…И рыбы подымались по реке,
И небо развернулось пред глазами…
Когда судьба по следу шла за нами,
Как сумасшедший с бритвою в руке.
Гибельное предчувствие, которого Тарковский не избежал, как не избежало и всё его поколение, чья жизнь выпала на историческую паузу (ее правильнее определяли тогда — как "передышку"), в историческую засаду (ее правильно определяли как "запасной путь"), а можно сказать: в историческую западню (как ее никто тогда не определял), — у Тарковского это предощущение гибели никак не связывается ни с Гражданской войной (что было свойственно "опоздавшим"), ни с более далекими прошлыми войнами ((ну, не ближе Куликова поля, а то и вовсе на Калке).
Война надвигается — из будущего.
В 1939-м она всё еще воспринимается как "последняя" (страна пела: "это будет последний и решительный бой"). Тарковский уточняет: "предпоследняя", потому что "последняя" будет — "со всей вселенной".
В 1941-м "вселенная", столь родная Тарковскому с его астрономическиом мироохватом, — сужается до гитлеровского воинства, и в стихах на мгновенье появляется конкретно-историческая определенность: "Вы нашей земли не считаете раем, а краем пшеничным, чужим караваем, штыком вы отрезали лучшую треть. Мы намертво знаем, за что умираем: мы землю родную у вас отбираем, а вам — за ворованный хлеб умереть!"
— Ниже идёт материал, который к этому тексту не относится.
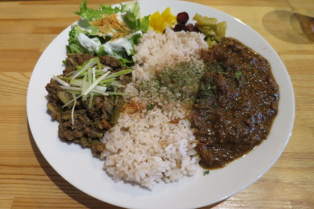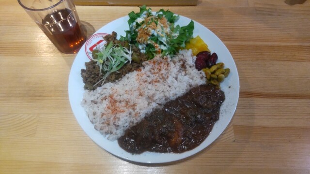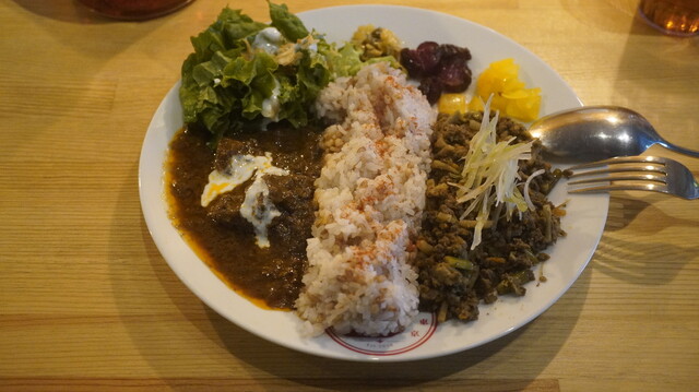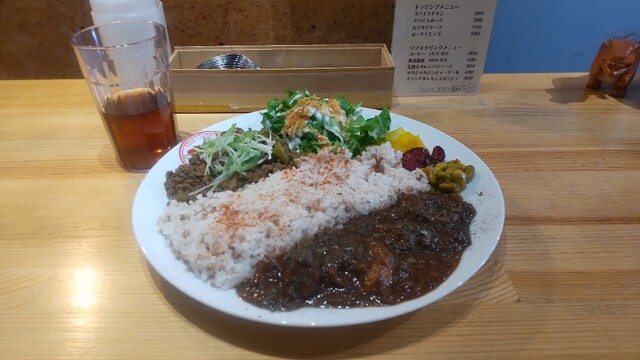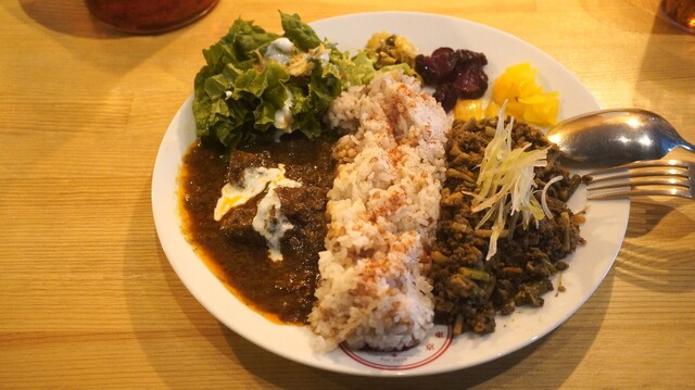 バーの間借りカレー店。 1Fだし、大きな看板が出ているので間借りカレーにしては場所がわかりやすい。 レギュラーメニューのチキンカレー(1100円)にポーチドエッグ(+1... 詳細を見る

В 1942-м, под Сухиничами, на переднем крае — еще более определенное предчувствие: "Немецкий автоматчик подстрелит на дороге, осколком ли фугаски перешибут мне ноги, в живот ли пулю влепит эсэсовец-мальчишка, но всё равно мне будет на этом фронте крышка, и буду я разутый, без имени и славы, замерзшими глазами смотреть на снег кровавый" .
В 1943-м, под Орлом, при начале Курской танковой битвы: "Дай мне еще подышать, дай мне побыть в этой жизни, безумной и жадной, хмельному от водки, с пистолетом в руках ждать танков немецких, дай мне побыть хоть в этом окопе..."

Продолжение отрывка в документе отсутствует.